Non-controlling Interests and Hypothetical Liquidation at Book Value (“HLBV”)

Non-controlling interests represent the portion of net assets in consolidated entities that are not owned by the Company and are reported as a component of equity in the consolidated balance sheets. Non-controlling interests in subsidiaries that are redeemable either at the option of the holder or at fixed and determinable prices at certain dates in the future are classified as


95


redeemable non-controlling interests in subsidiaries between liabilities and stockholders' equity in the consolidated balance sheets. Redeemable non-controlling interests that are currently redeemable or redeemable after the passage of time are adjusted to their redemption value as changes occur. The Company applies the guidance in ASC 810-10 along with the SEC guidance in ASC 480-10-S99-3A in the valuation of redeemable non-controlling interests.

The Company has determined the allocation of economics between the controlling party and the third party for non-controlling interests does not correspond to ownership percentages for certain of its consolidated subsidiaries. In order to reflect the substantive profit sharing arrangements, the Company has determined that the appropriate methodology for determining the value of non-controlling interests is a balance sheet approach using the HLBV method.

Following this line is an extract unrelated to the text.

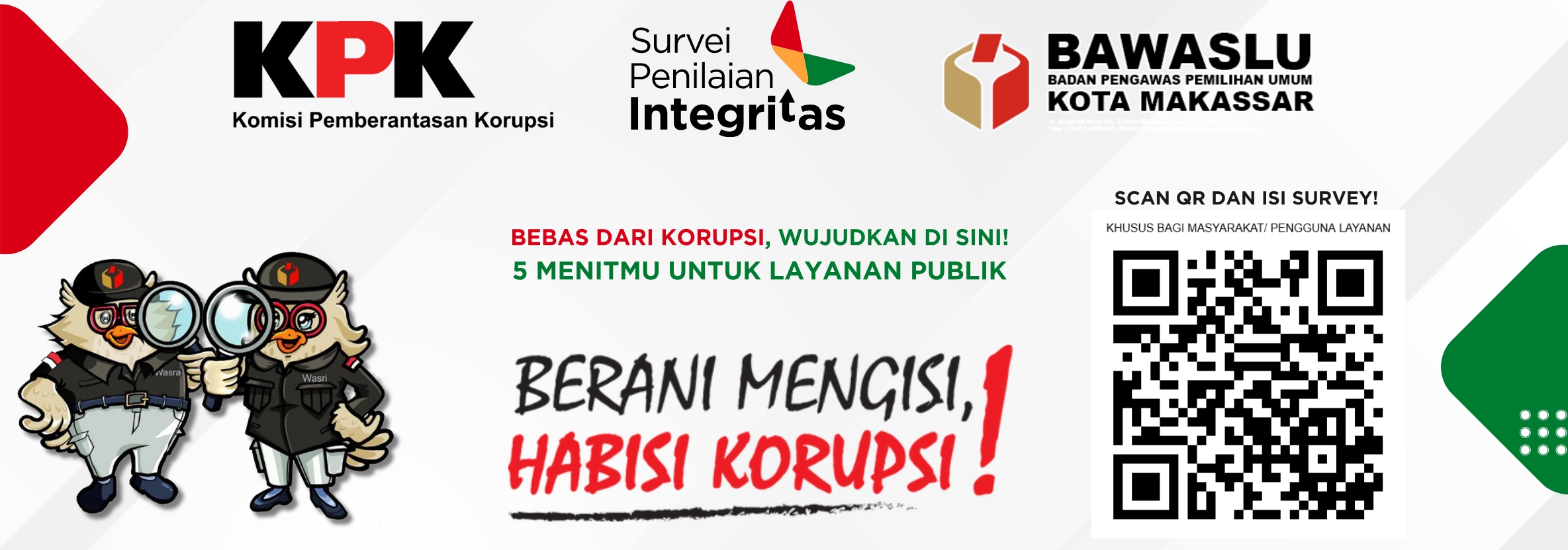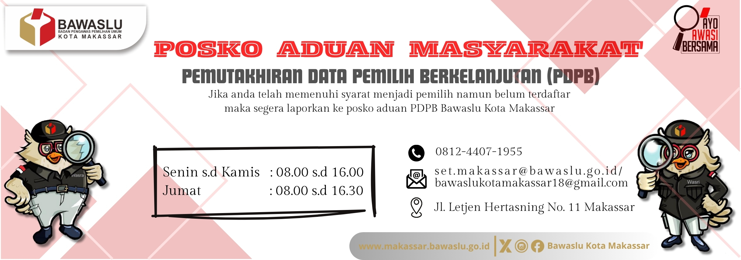 Pengumuman Contoh Pengumuman Lihat Selengkapnya Lapor Pelanggaran Pemilu Hasil Pengawasan Tahapan Pemilu 2024 Ajukan Permohonan Sengketa Proses Pemilu Bagaimana Cara Ikut Awasi Pemilu Lapor Hoaks Pemilu Apa Saja Yang Diawasi Pada Tahapan Pemilu Berita Bawaslu Kota Makassar Serahkan Laporan Evaluasi Program Jumat Sehati dan Jumpa Berlian ke Bawaslu RI humas Kamis, Desember 11, 2025 - 19:47 Lensa Pengawasan: Arga dan Cahaya Demokrasi Kota Daeng (Bagian 6 - PantauKita.id) humas Rabu, Desember 10, 2025 - 11:59 Sekjen Bawaslu RI Tekankan Pentingnya Sinergi, Tata Kelola, dan Pemetaan Karier ASN dalam Rapat Kerja Teknis Kesekretariatan 2025 humas Selasa, Desember 9, 2025 - 11:01 Bawaslu Kota Makassar Desak KPU Kota Makassar Buka Data 73.000 Pemilih Tidak Dikenali humas Senin, Desember 8, 2025 - 15:00 Lensa Pengawasan: Arga dan Cahaya Demokrasi Kota Daeng (Bagian 5 - Bayangan di Balik Poster) humas Kamis, Desember 4, 2025 - 10:42 https://sigaplapor.bawaslu.go.id/ https://ppid-makassar.bawaslu.go.id https://sips.bawaslu.go.id/ https://google.com https://jdih.bawaslu.go.id/ Galeri Pencarian Saran dan Pengaduan Saran dan pengaduan dengan untuk kemajuan Bawaslu Ajukan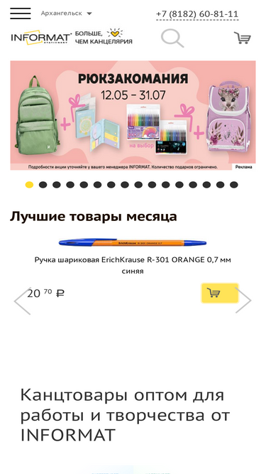 49%интернет-магазин inформат предлагает купить канцтовары для дома и офиса по выгодной цене с доставкой. на сайте представлен широкий ассортимент недорогих канцелярских товаров. продажа оптом и в розницу. оформить заказ можно онлайн. доставка по москве и всей россии.

Under the HLBV method, the amounts reported as non-controlling interest on the consolidated balance sheets represent the amounts the third party investors could hypothetically receive at each balance sheet reporting date based on the liquidation provisions of the respective operating partnership agreements. HLBV assumes that the proceeds available for distribution are equivalent to the unadjusted, stand-alone net assets of each respective partnership, as determined under U.S. GAAP. The third party non-controlling interests in the consolidated statements of operations and statements of comprehensive loss are determined based on the difference in the carrying amounts of non-controlling interests on the consolidated balance sheets between reporting dates, adjusted for any capital transactions between the Company and third party investors that occurred during the respective period. 

Where, prior to the commencement of operating activities for a respective renewable energy facility, HLBV results in an immediate change in the carrying value of non-controlling interest on the consolidated balance sheet due to the recognition of ITCs or other adjustments as required by the U.S. Internal Revenue Code, the Company defers the recognition of the respective adjustments and recognizes the adjustments in non-controlling interest on the consolidated statement of operations on a straight-line basis over the expected life of the underlying assets giving rise to the respective difference. Similarly, where the Company has acquired a controlling interest in a partnership and there is a resulting difference between the initial fair value of non-controlling interest and the value of non-controlling interest as measured using HLBV, the Company initially records non-controlling interest at fair value and amortizes the resulting difference over the remaining life of the underlying assets.      

Contingencies

The Company is involved in conditions, situations or circumstances in the ordinary course of business with possible gain or loss contingencies that will ultimately be resolved when one or more future events occur or fail to occur. If some amount within a range of loss appears at the time to be a better estimate than any other amount within the range, that amount will be accrued. When no amount within the range is a better estimate than any other amount, the minimum amount in the range will be accrued. The Company continually evaluates uncertainties associated with loss contingencies and records a charge equal to at least the minimum estimated liability for a loss contingency when both of the following conditions are met: (i) information available prior to the issuance of the financial statements indicates that it is probable that an asset had been impaired or a liability had been incurred at the date of the financial statements; and (ii) the loss or range of loss can be reasonably estimated. Legal costs are expensed when incurred. Gain contingencies are not recorded until realized or realizable.

Derivative Financial Instruments

The Company recognizes its derivative instruments as assets or liabilities at fair value in the consolidated balance sheets. Accounting for changes in the fair value (i.e., gains or losses) of a derivative instrument depends on whether it has been designated as part of a hedging relationship and the type of hedging relationship.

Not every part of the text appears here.